--- SOURCE RECORDS Enclosed Below ---

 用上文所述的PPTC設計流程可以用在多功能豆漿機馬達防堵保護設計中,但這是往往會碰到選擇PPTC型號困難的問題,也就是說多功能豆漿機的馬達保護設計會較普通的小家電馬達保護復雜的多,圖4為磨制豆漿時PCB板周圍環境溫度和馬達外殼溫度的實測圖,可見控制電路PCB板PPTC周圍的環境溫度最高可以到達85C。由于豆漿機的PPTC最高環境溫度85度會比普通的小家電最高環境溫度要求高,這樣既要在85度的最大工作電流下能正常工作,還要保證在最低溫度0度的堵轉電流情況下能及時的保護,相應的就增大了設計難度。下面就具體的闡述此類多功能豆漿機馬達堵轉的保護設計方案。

--- End of Enclosed SOURCE RECORDS ---
--- SOURCE RECORDS Enclosed Below ---

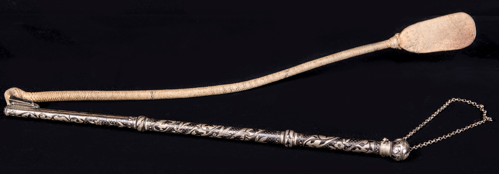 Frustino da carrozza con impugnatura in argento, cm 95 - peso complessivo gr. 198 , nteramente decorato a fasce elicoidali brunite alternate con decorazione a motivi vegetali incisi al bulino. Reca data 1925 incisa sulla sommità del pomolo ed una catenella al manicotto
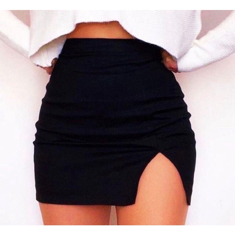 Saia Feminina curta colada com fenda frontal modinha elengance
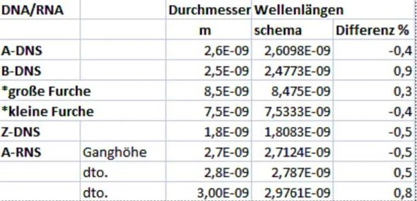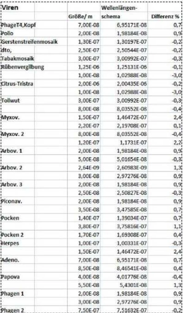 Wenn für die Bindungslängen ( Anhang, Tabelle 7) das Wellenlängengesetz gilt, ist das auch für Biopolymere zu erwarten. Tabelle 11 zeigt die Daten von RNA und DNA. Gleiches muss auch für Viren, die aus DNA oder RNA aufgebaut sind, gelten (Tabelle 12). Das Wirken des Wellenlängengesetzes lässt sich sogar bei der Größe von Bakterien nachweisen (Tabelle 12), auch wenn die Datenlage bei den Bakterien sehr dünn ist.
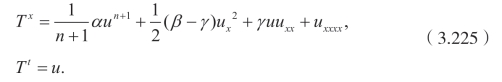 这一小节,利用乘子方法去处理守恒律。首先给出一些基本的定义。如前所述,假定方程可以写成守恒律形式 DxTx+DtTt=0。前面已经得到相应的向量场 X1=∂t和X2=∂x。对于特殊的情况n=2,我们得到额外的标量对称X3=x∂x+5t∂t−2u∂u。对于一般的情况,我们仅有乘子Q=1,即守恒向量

--- End of Enclosed SOURCE RECORDS ---

Copy out exactly the material that runs from the line with "Frustino da carrozza" to the line with "Saia Feminina curta", ends included, and leave the pictures behind.

 Frustino da carrozza con impugnatura in argento, cm 95 - peso complessivo gr. 198 , nteramente decorato a fasce elicoidali brunite alternate con decorazione a motivi vegetali incisi al bulino. Reca data 1925 incisa sulla sommità del pomolo ed una catenella al manicotto
 Saia Feminina curta colada com fenda frontal modinha elengance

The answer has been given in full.